Page 1 of 1

heap corruption inconsistency

Posted: Thu Jul 19, 2018 4:59 am
by 0xffff
Hi,

I'm chasing a heap corruption issue so I enabled comprehensive heap poisoning, and built with gdbstub to break when this occurrs. When it happened I saw:

Code: Select all

CORRUPT HEAP: Invalid data at 0x3ffdc0b8. Expected 0xfefefefe got 0xfefefeff
CORRUPT HEAP: Invalid data at 0x3ffdc190. Expected 0xfefefefe got 0xfefefeff
assertion "verify_fill_pattern(data, size, true, true, true)" failed: file "/dev/p/Firmware/esp-idf/components/heap/./multi_heap_poisoning.c", line 183, function: multi_heap_malloc
abort() was called at PC 0x400dfacb on core 0


However, in gdb when I see:

Code: Select all

(gdb) x/12x 0x3ffdc0b0
0x3ffdc0b0:	0xcececece	0xcececece	0xcececece	0xcececece
0x3ffdc0c0:	0xcececece	0xcececece	0xcececece	0xcececece
0x3ffdc0d0:	0xcececece	0xcececece	0xcececece	0xcececece
which seems inconsistent with the error message.
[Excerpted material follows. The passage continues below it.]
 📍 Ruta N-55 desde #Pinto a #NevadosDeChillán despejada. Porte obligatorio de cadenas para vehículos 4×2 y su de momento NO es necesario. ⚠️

What am I missing?

Re: heap corruption inconsistency

Posted: Thu Jul 19, 2018 5:59 am
by WiFive

Re: heap corruption inconsistency

Posted: Thu Jul 19, 2018 6:09 am
by ESP_Angus
Hi 0xffff,

This had me scratching my head for a minute as well!
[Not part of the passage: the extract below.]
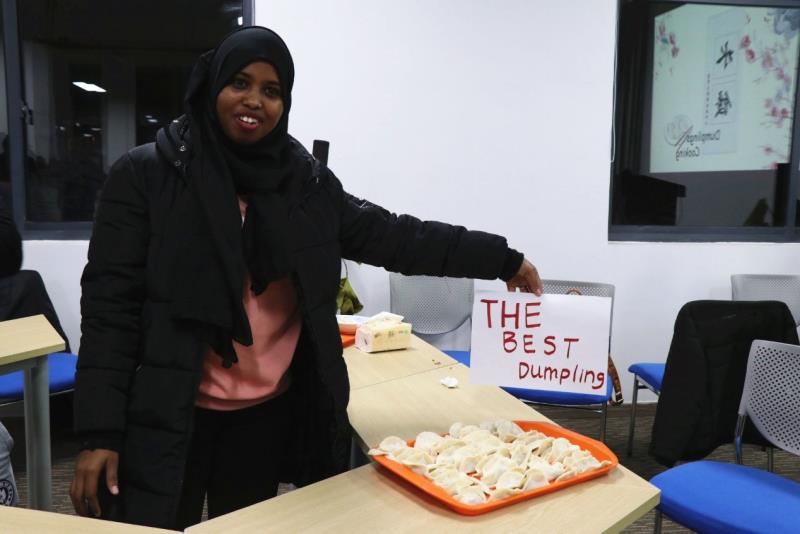 活动开始前,先为大家放映了“包饺子教学视频”,并将到场的留学生们分为4个小组,进行包饺子比赛,在10分钟内包好的饺子数量最多的一组同学将会获得奖励。

The reason is that verify_fill_pattern() is swapping each word from 0xfefefefe (free memory) to 0xcececece as it goes through the memory region during allocation (uses one pass for performance), and even if it finds an invalid word it finishes the sweep before aborting (the idea being to report all of the invalid bytes in the region).

Clearly this is a bit confusing when you go to do a post-mortem in gdb.

I'm going to benchmark the performance of checking all words before swapping them (I suspect it's OK on regular RAM but may have issues on PSRAM). If we can do this, I'll change the function (premature optimisation is the root of all evil, etc, etc).

If the performance impact is too high, we can at least stop swapping patterns from the invalid word onwards. You can make this change yourself by putting "swap_pattern = false;" underneath "valid = false;" in multi_heap_poisoning.c:149

(BTW You can assume that every word in the buffer which doesn't trigger an error message was 0xfefefefe before it was 0xcececece, and the others were the values shown in the error message. 0xfefefeff usually means something has done "var++" on a freed address.)